If you look back to the mid 1990's, the great dreams of the security technologists were that you could prove beyond any possible doubt the authenticity of a document by giving it a digital signature, and exactly and precisely when it was created by a timestamp.

So what happened?  If that was the proof beyond all possible, probable shadow of doubt (Gilbert & Sullivan: Gondoliers) that whatever it was could not be implemented, then the deafening silence of more than 10 years is proof positive enough.

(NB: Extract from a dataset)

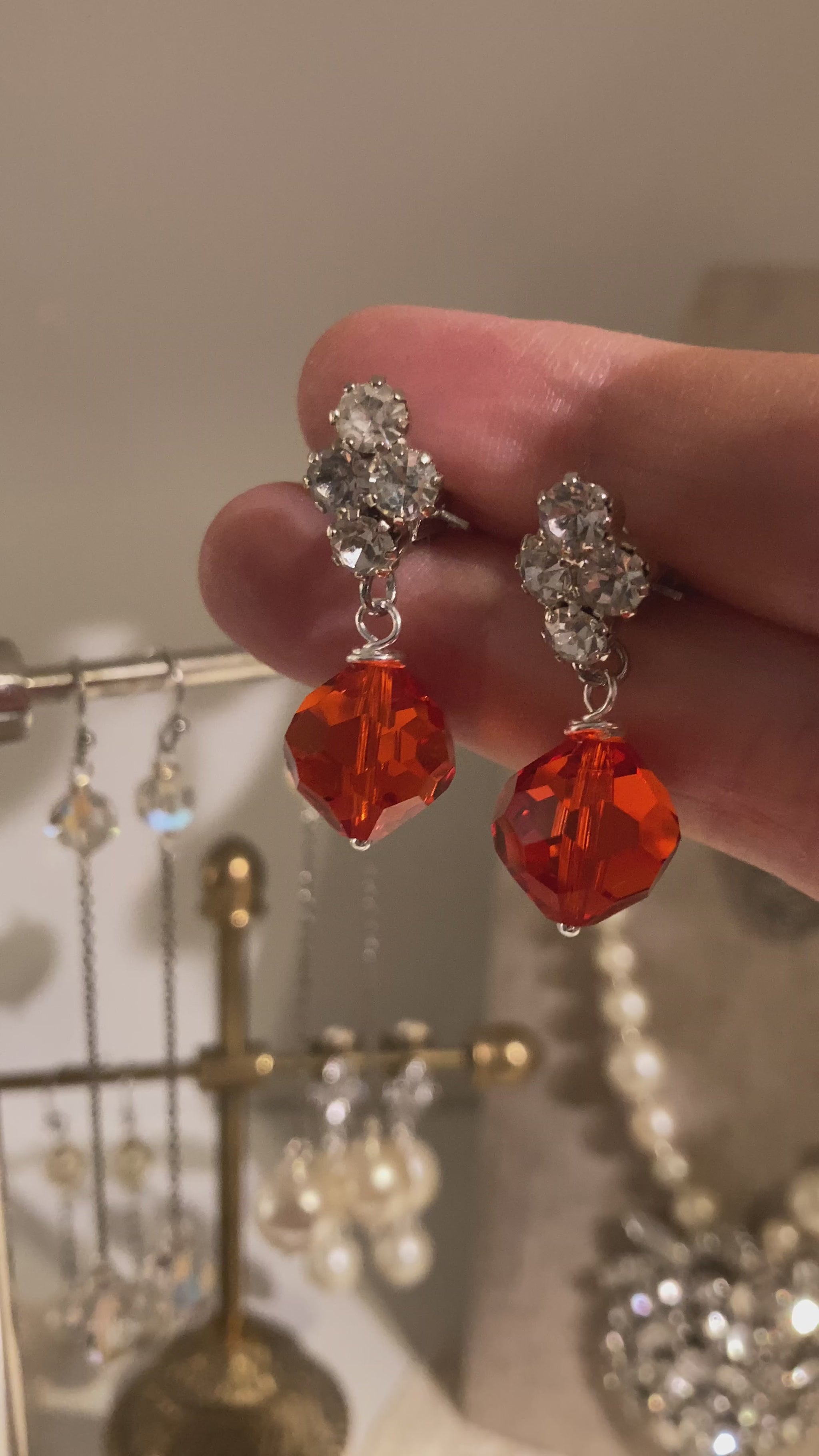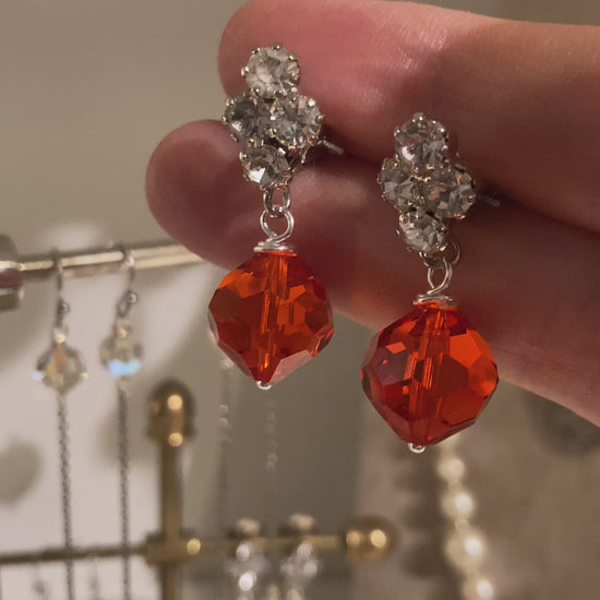 They feature absolutely stunning vintage Austrian D.S. & Co. crystals in a colour named "hyacinth", a mind-blowing orange red. The crystals are from the 1970s, never before used new old stock from the manufacturer's original package. The pendants are attached on gorgeous, clear crystal studded vintage (new old stock, never before used) clip-ons. Very comfortable on the ear and they sparkle so elegantly!
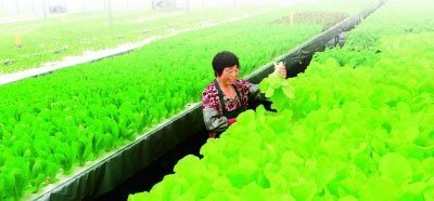 返乡农民工仇云菊在江苏启东市嘉禾力农业发展有限公司智能电力恒温大棚内采摘有机蔬菜。新华社发

Of course there continue to be people, or even large companies, who want you to open a significantly large (wallet, checking account) commitment to the PKI pipe dream of what life would be like if everything is perfect and computer manufacturers behave like model gentlemen and a Hacker is the permanent secretary to the British Prime Minister (please see the famous series Yes Minister for further details).

Or maybe not.

Lewis Carroll once famously said in the persona of the White Queen, "Why, sometimes I've believed as many as six impossible things before breakfast."  But it does take more than a little practice!

Digital signatures are fine provided you believe absolutely the people who gave them, and they are financially warranted up to the hilt if what you are doing fails (and btw as you were reading this I just revoked my digital signature - so does that make this a pack of lies?).  

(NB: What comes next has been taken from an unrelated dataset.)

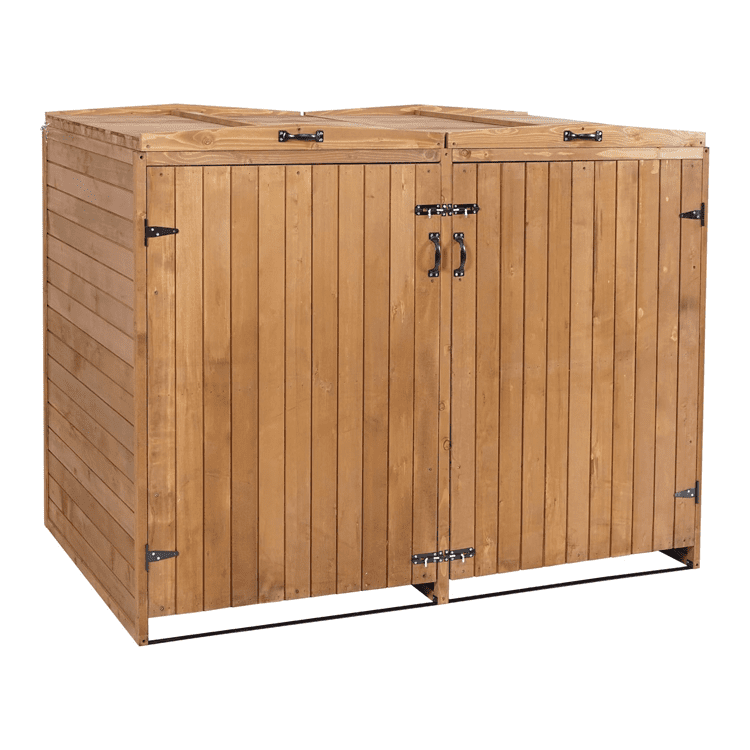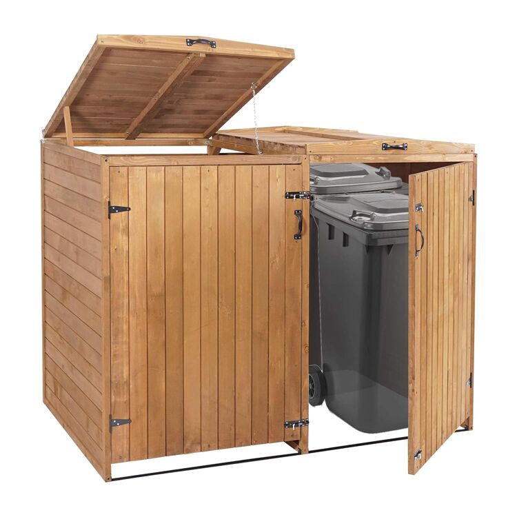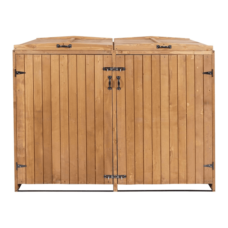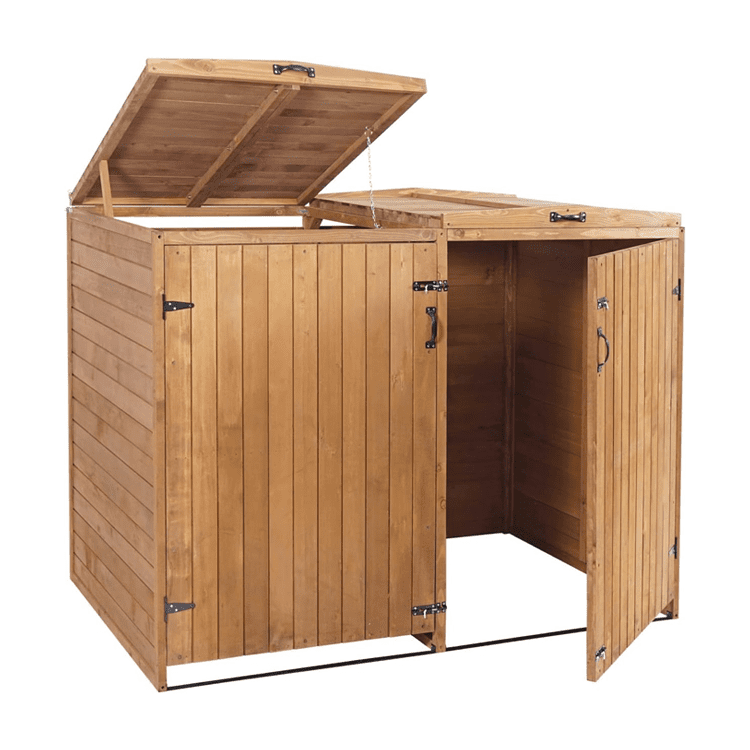 Erweiterbare Mülltonnenbox aus Massivholz für 2-4 Tonnen. Mit verschließbaren Türen, windgeschützten Deckeln und praktischen Griffen. Ideal für Gärten.

Timestamping?  I know people who have patents over the measuring and allocating of time.  Poor old Lewis Carroll as the Mad Hatter was condemned to perpetual tea time when accused of 'Murdering the time,' and so it was always half past three (sounds a bit like Jeremy Clarkson?).  We have plenty of law to establish when something happened that has nothing at all to do with the concept of the atomic clock, let alone the claims of timestamping systems.

Yes, it is true, that if you personally commit yourself to digital signatures and timestamps then you can live in a world that Lewis Carroll could well have identified with, if not sympathised with, but that was Wonderland.

And if you do spot a Snark, please, please, please check it isn’t a Boojum (!?).

So, although it's frightfully technologically clever, just pause for a moment and ask yourself if it sounds more like a banker offering you subordinated debt as a Grade A profitable investment.  You know what I mean.